• **Supplied data**:

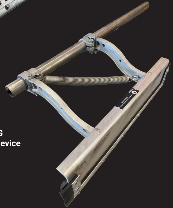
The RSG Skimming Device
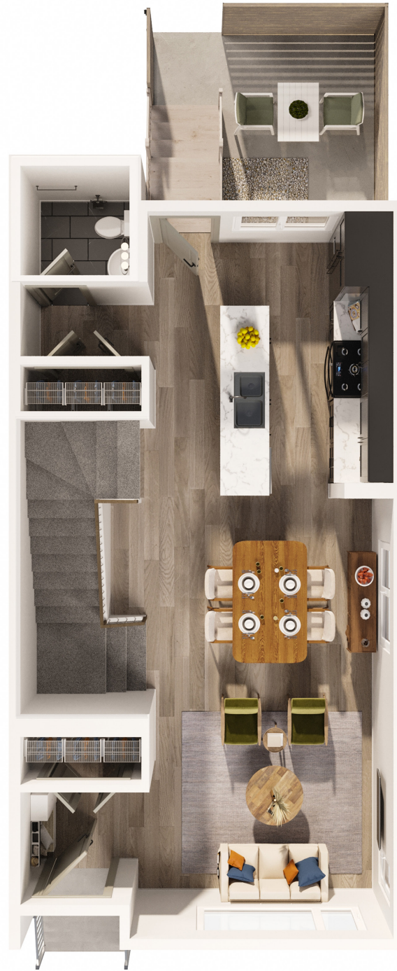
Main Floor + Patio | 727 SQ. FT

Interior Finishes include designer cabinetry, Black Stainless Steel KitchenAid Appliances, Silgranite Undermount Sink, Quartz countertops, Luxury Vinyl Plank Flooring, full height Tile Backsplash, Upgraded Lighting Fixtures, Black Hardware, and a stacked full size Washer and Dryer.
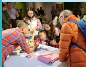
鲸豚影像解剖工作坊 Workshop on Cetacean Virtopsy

• **Work to complete**: Each line of the data needs to be output exactly, with any image excluded.

• **Answer area**:
The RSG Skimming Device
Main Floor + Patio | 727 SQ. FT

Interior Finishes include designer cabinetry, Black Stainless Steel KitchenAid Appliances, Silgranite Undermount Sink, Quartz countertops, Luxury Vinyl Plank Flooring, full height Tile Backsplash, Upgraded Lighting Fixtures, Black Hardware, and a stacked full size Washer and Dryer.
鲸豚影像解剖工作坊 Workshop on Cetacean Virtopsy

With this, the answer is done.